Wayne O'Leary

Casey Jones Meets Hunter Harrison

Working on the Railroad, Part 2

At the end of the 1960s, the US possessed a well-run rail-freight system, but one whose quasi-public management by the Interstate Commerce Commission was under attack by private-industry forces anxious to offset the growing competition of the trucking and airline industries, and hungry for a return to maximum profitability without the interference of government rules and directives.

Then, in the late 1970s, the modern era of deregulation arrived, engineered largely by economic conservatives in the Jimmy Carter administration at the behest of industry lobbyists and over the objections of ICC professionals. A series of laws encouraged consolidation of the freight-rail business and gradually dismantled federalized collective rate-making, while opposition to industry mergers was set aside.

The capstone was the Staggers Rail Act of 1980, named for kept rail-industry advocate Rep. Harley Staggers (D-W.Va.), which completed the deregulation process by fully ending the ICC rate-making structure. It gave rail carriers the freedom to set any rate, establish long-term shipping contracts with no ICC review, and engage in outright rate discrimination vis-à-vis shippers, as in the bad old 19th century. The new dispensation also gave rail companies the unilateral right to abandon tracks and shed workers at will.

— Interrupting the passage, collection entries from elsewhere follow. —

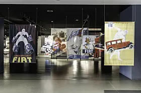 Fiats innsats på grafikk-fronten er enestående. De har gått utenpå de fleste bilfabrikker når det gjelder plakater og annonser. De har brukt noen av Italias fremste kunstnere til å jobbe med salgsfremmende tiltak, og utstillingen i det gamle museet gir mange gode eksempler på akkurat det.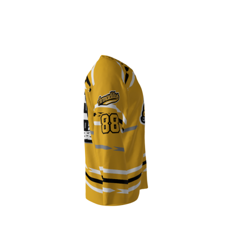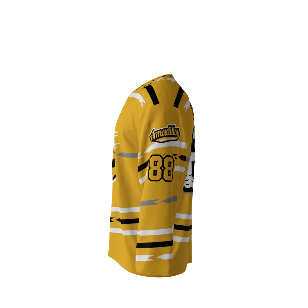 Armadillos Gold Hockey Jersey! You can customize with your name and number! Since all of our product offerings are customized specifically for you, you have the ability to change the colors and team names on any product. You want to swap the colors, team name, or logo from another product you’ve seen on our site? Or even put your own logo on instead? Not a problem. These simple alterations come at NO additional cost, either. Simply request any of the above in your order notes upon ordering. If design changes are requested, you’ll receive a proof once the order is received.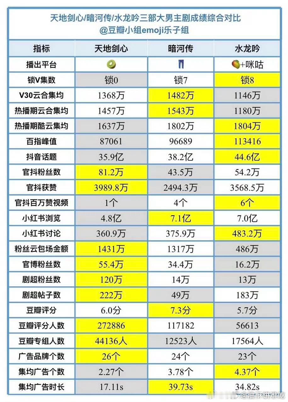 这么看暗河传和水龙吟其实都比天地剑心播的好,毕竟他们第一的项比较实在,是反映播放情况的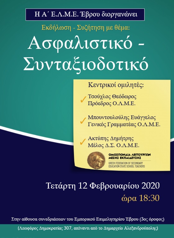 Την Τετάρτη 12 Φεβρουαρίου 2020 και ώρα 18:30 στην αίθουσα συνεδριάσεων του Εμπορικού Επιμελητηρίου Έβρου, η Α΄ Ε.Λ.Μ.Ε. Έβρου διοργανώνει εκδήλωση – συζήτηση με θέμα το ασφαλιστικό – συνταξιοδοτικό.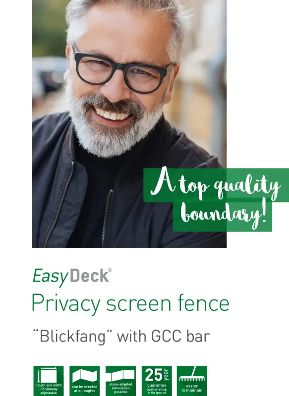 Successfully enjoy a degree of privacy and emphasize features with the “Blickfang” privacy screen fence. Its unusual appearance with marbled, corrugated panels immediately catches the eye. The material is colour-resistant and dirt-resistant. The panels almost clean themselves thanks to the vertical position and weathering. Doors and gates can also be suitably integrated and gradients as well as all types of angles can be tackled without any problems whatsoever. Our posts are also extremely durable – we provide you with a 25-year guarantee against rotting in the ground. In short: The perfect boundary option for your garden!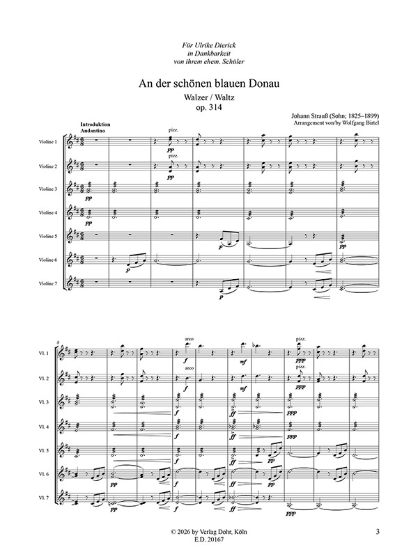 An der schönen blauen Donau op. 314 für sieben Violinen eingerichtet von Wolfgang Birtel Partitur und Stimmen M-2020-4167-3 |

Rate deregulation proceeded in tandem with federal abandonment of antitrust enforcement, especially in the Clintonian 1990s, permitting accelerated mega-mergers, so that the number of Class I American railroads had been cut from 40 in 1980 to seven within two decades, only four of them (Union Pacific and Burlington Northern Santa Fe, or BNSF, in the West and CSX and Norfolk Southern in the East) considered important. A Fortune magazine analysis concluded in 2011 that, by then, the Big Four (21,000-plus miles of track each) claimed over 90% of all US rail-freight revenues, an even higher level of industry concentration than existed pre-1910.

The growing deregulated rail monopoly, cheered on by Wall Street, has chalked up soaring industrywide profits — margins up 121% overall from 2004 to 2011 per investment bank Citigroup. One of the Big Four, Union Pacific, realized an annual profit rate of 25% over roughly that period, says Fortune. Another, CSX, has seen its stock price rise 300% in the past 10 years, according to a New York Times report, while the seven largest carriers (CSX included) had a combined net income of $27 billion last year, double a decade ago.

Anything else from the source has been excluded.